The Bitcoin dominance index is one of the most powerful probability indicators available to crypto traders. It provides a macro view of market sentiment, helping you answer the most critical question in crypto: Are we in a risk-on or risk-off environment?
By understanding what is Bitcoin dominance, tracking the BTC dominance chart, and combining that information with Bitcoin’s price action, you can dramatically improve your market timing. You’ll know when to hold the king of crypto, and when to venture out into the wild west of altcoins for those life-changing gains.
Don’t let the noise of the market overwhelm you. Keep a close eye on the Bitcoin market dominance, and let the flow of capital guide your trading strategy.
Frequently Asked Questions (FAQ)
What is a good Bitcoin dominance percentage?
There is no single “good” number. A “good” dominance level depends on your strategy. If you are heavily invested in altcoins, a low or falling dominance (e.g., below 45%) is “good.” If you hold mostly Bitcoin, a rising dominance is “good” as it shows BTC is outperforming.
Does Bitcoin dominance include stablecoins?
The standard calculation (like the BTC.D ticker on TradingView) does include stablecoins in the total market cap.
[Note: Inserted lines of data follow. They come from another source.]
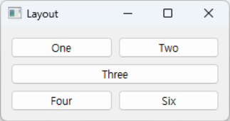gridLayout->addWidget(gbtn[2], 1, 0, 1, 2); // 위치 (1, 0), 2개의 열을 차지
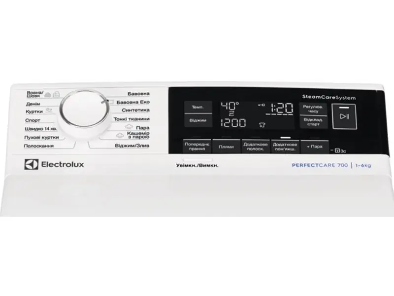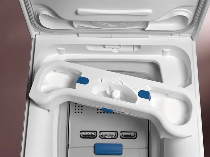 Пральна машина моделі 700 з верхнім завантаженням та системою SteamCare зменшує кількість складів на білизну на третій. Наприкінці програми подається пара, що погоджується. надати м'якість тканини. Все це без нагріву і сил, як при звичному прасуванні.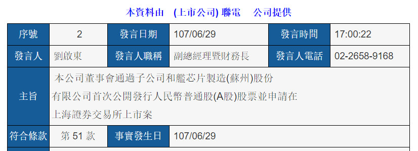 據台灣聯華電子股份有限公司(以下簡稱“聯電”)6月29日公告顯示,聯電董事會已經通過了子公司和艦芯片製造(蘇州)股份有限公司(以下簡稱蘇州和艦)首次公開發行人民幣普通股(A股)股票並申請在上海證券交易所上市案,引起各大媒體爭相報道。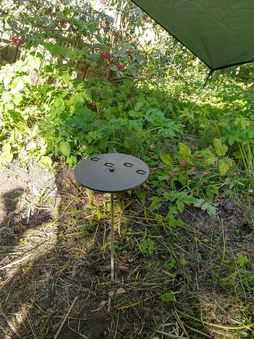 Ich habe bei einem Tisch die Füße entfernt, in der Mitte ein Loch gebohrt und dann einen sogenannten Bankstick Adapter ein geschraubt. Jetzt kann ich einen höhenverstellbaren sogenannten Bankstick von unten einschrauben und fertig ist mein Tisch. Die Bivvy tables gibt es in unterschiedlichen Größen und verschiedenen Materialien z.B. Kunststoff, Alu, Blech oder VA.Diese Möglichkeit liegt aber Gewichtsmäßig über den Schwarze Biene Tisch.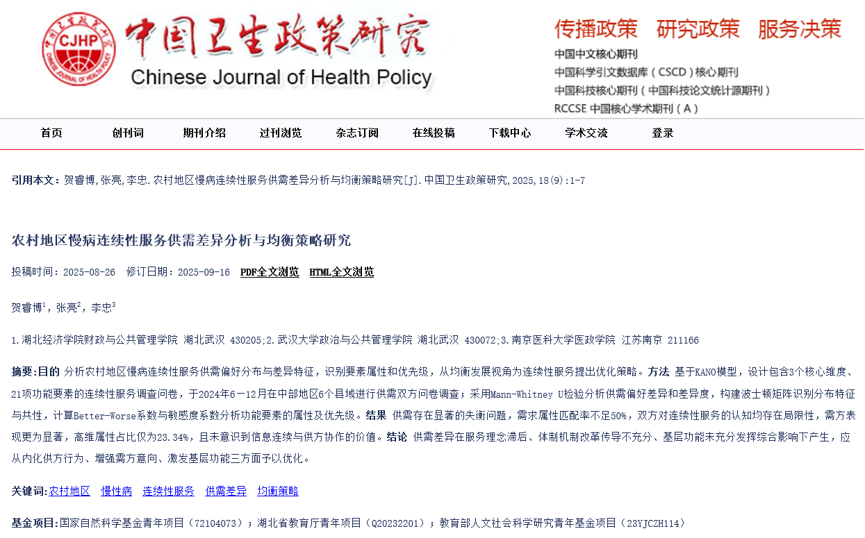 近日,我院贺睿博老师与武汉大学张亮教授、南京医科大学李忠副教授的合作论文《农村地区慢病连续性服务供需差异分析与均衡策略研究》发表于国内卫生政策与管理知名期刊《中国卫生政策研究》(CSCD核心)。该论文系贺睿博老师国家自然科学基金项目“基于慢病轨迹的县域连续性服务供需均衡分析与优化策略研究”(编号:72104073)研究成果。
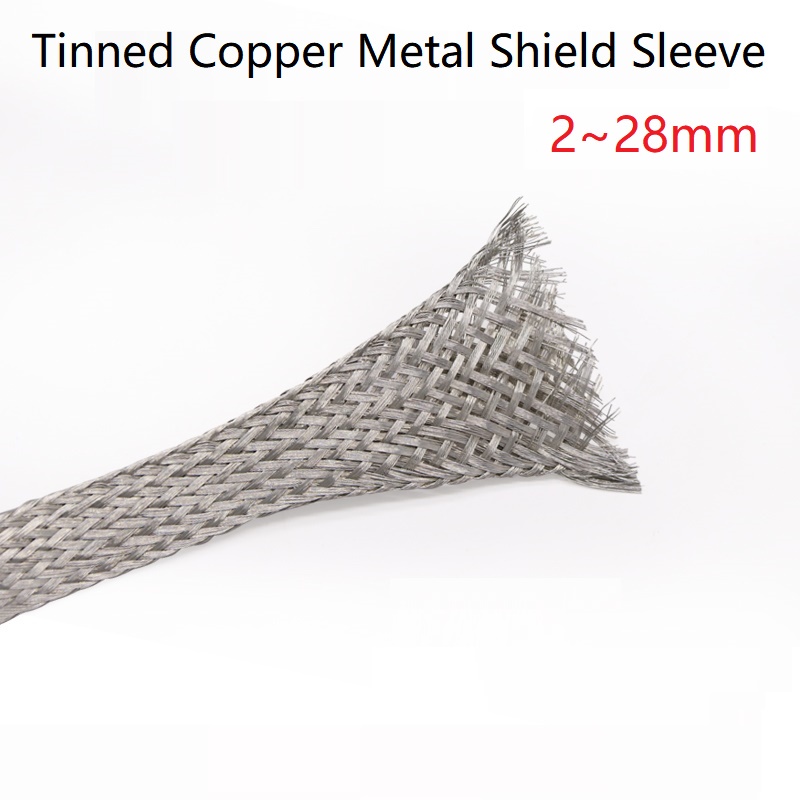 2~28mm Tinned Copper Braided Sleeve Expandable Metal Sheath Screening Signal Wire Cable Shielded Net Power Cord Audio Line Anti-interference-1/2M

However, many advanced traders use customized charts that exclude stablecoins for a clearer picture of capital flow between volatile assets.
Will Bitcoin dominance ever go back to 90%?
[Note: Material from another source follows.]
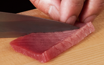 『本気にぎり 天然本鮪とろ』には“飾り包丁”を施しております。このひと仕事を加えることで、寿司はよりいっそう華やかに、そして美しく仕上がります。飾り包丁を一本一本入れることで、醤油は「とろ」の脂にはじかれず、シャリとネタはより調和し、口の中で心地よくほぐれていきます。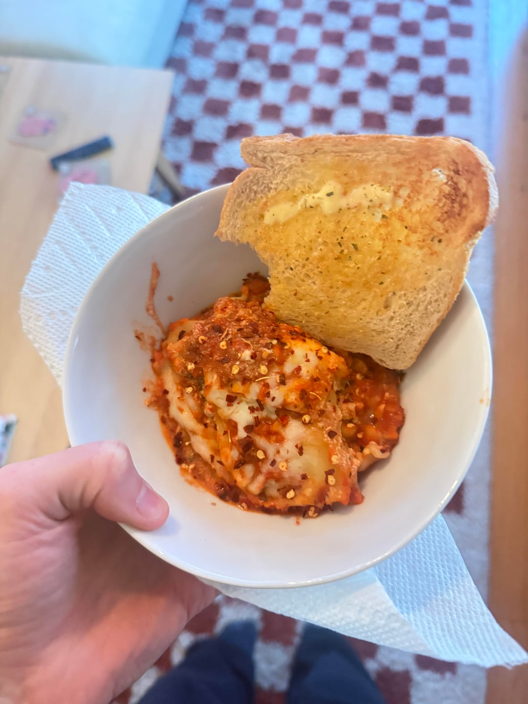 Pair it with a salad bag and some thin sliced bread with garlic salt for some Italian comfort food.

It is highly unlikely. The cryptocurrency ecosystem has grown too diverse, with entire sectors (DeFi, Gaming, NFTs, decentralized infrastructure) built on other blockchains like Ethereum and Solana. While dominance will spike during bear markets, the baseline level has permanently shifted lower as the industry matures.
How often should I check the BTC dominance chart?
It depends on your trading style. Day traders might check it on hourly timeframes to spot intraday shifts in sentiment. Swing traders and investors only need to check it daily or weekly to monitor macro trends.
If Bitcoin dominance goes down, do altcoins always go up?
Not necessarily. If the Bitcoin dominance percentage drops and Bitcoin’s price is dropping significantly, it usually means the entire market is crashing, but money is leaving Bitcoin faster than altcoins (often because altcoin liquidity has dried up). For a true “altseason,” you generally want to see dominance falling while Bitcoin’s price is stable or rising slowly.